The life stories of child survivors are fascinating in part because this social world was rent asunder for them: the parents, relatives, and communities that would normally play this crucial role were not there to do the job. In their absence, children were left with memories that they could not interpret, and stories of their early lives that were peppered with holes. As they grew, they had to piece things together for themselves, chasing down documents, photos, and living relatives flung far and wide in diaspora, all in order to be able to answer the most fundamental of questions: who am I?

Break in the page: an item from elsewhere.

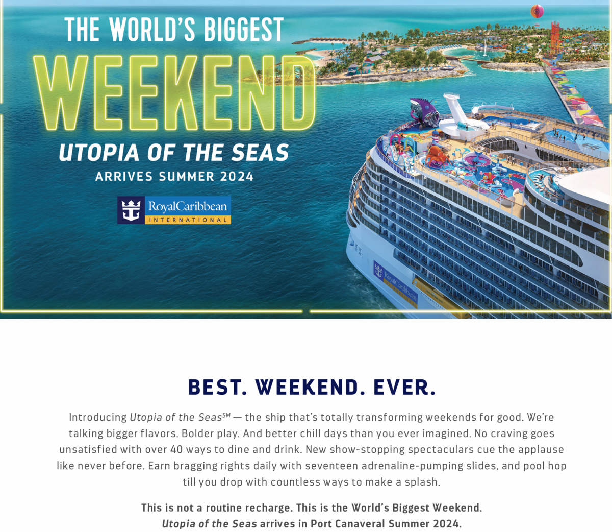 This isn’t vacation days spent. This is bragging rights earned. Cruise to CocoCay to conquer the tallest waterslide in North America and snap a shot from up to 450 feet up in a helium balloon. Grab a drink at the swim-up bar and soak up the scene in the largest freshwater pool in the Bahamas. Or get a taste of Bora Bora with your own Overwater Cabana. Discover the magic of Perfect Day at CocoCay — only onboard Royal Caribbean® Cruises.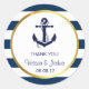 Etiquetas de casamento náuticas personalizadas/personalizadas, selos e etiquetas para os seus favores ou convites. Âncora e estrias marinhos, azuis e brancas, com círculo de folha de ouro. Obtenha cartões de convite correspondentes!

This book follows a group of very young child Holocaust survivors out of the ruins of war and through their later childhoods, their adolescence, their journeys into adulthood, their marriages and their own experiences of parenthood, and finally into their old age, charting their changing relationship to their pasts over a span of seventy years. It looks at how they interacted with adults, the surviving parents and relatives, host and foster parents, humanitarian aid workers, mental health professionals, and others who tried to sculpt the parameters of their lives, who observed them, cared for them, and nurtured them—and equally at times neglected them, lied to them, and abandoned them. It explores the short- and long-term consequences of their childhood experiences on their identities, and it aims to challenge some of our fundamental assumptions about children as subjects, about the nature of trauma, and about the relationship between the self and memory.